I did manage to do a little benchmarking after applying the next patch,
and database size and initial indexing time both increase by about
0.5% with the notmuch performance test suite (large version). This seems
acceptable to me, and I would hope it only improves (or at least doesn't
get worse) when the redundant terms are dropped.

> +    /* filesize defaults to zero which is ignored */

Which filesize do you refer to here? I'm a bit on the fence about
pervasively assuming a zero filesize is an error.
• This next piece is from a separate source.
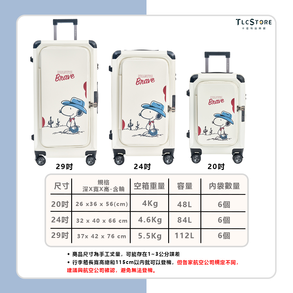 【TLCSTORE】SNOOPY史努比24吋雙開上掀行李箱(2年保固 海關鎖 360度飛機輪)
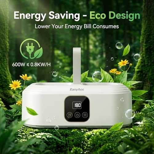 Electric Clothes Dryer, Portable Clothes Dryer Energy-Efficient 2H Quickly Drying 600W Timer UV Sterilization Indoor with Cover Fast Drying for Light Clothes Underwear, White, ABS [Energy Class A]

> +    ret = g_stat(message->filename, &statResult);
> +    if (! ret)
> +	message->filesize = statResult.st_size;
> +

Why are you using g_stat instead of plain stat? g_stat seems to mainly
add windows compatibility (and confusion, since it's less familiar).

> +unsigned long
> +notmuch_message_get_filesize (notmuch_message_t *message)
> +{
> +    std::string value;
> +
> +    try {
> +	value = message->doc.get_value (NOTMUCH_VALUE_FILESIZE);

I wondered if this was wasteful going straight to the database without
caching, but apparently we do it already for from, subject, and
message-id.

> +    } catch (Xapian::Error &error) {
> +	_notmuch_database_log(_notmuch_message_database (message), "A Xapian exception occurred when reading filesize: %s\n",
> +		 error.get_msg().c_str());
> +	message->notmuch->exception_reported = TRUE;
> +	return 0;
> +    }
> +    if (value.empty ())
> +	/* sortable_unserialise is undefined on empty string */
> +	return 0;
> +    return Xapian::sortable_unserialise (value);
> +}

I'm not sure about this error handling. Do we want an API where we can't
tell the difference between a missing value, an empty file, and a
transient Xapian exception? OTOH, I do see that it's a bit clunky to use
a status return and output pointer here.
>  
> +void
> +_notmuch_message_add_filesize (notmuch_message_t *message,
> +			       notmuch_message_file_t *message_file)
> +{
> +    unsigned long filesize = _notmuch_message_file_get_size(message_file);
> +    message->doc.add_value (NOTMUCH_VALUE_FILESIZE,
> +			    Xapian::sortable_serialise (filesize));
> +}

Shouldn't this have some exception handling (and probably an error
return)? basically any xapian operation can throw an exception.

>  /**
> + * Get the filesize in bytes of 'message'.
> + */
> +unsigned long
> +notmuch_message_get_filesize  (notmuch_message_t *message);
> +
> +/**

Please document the error conditions and returns of any public API call added.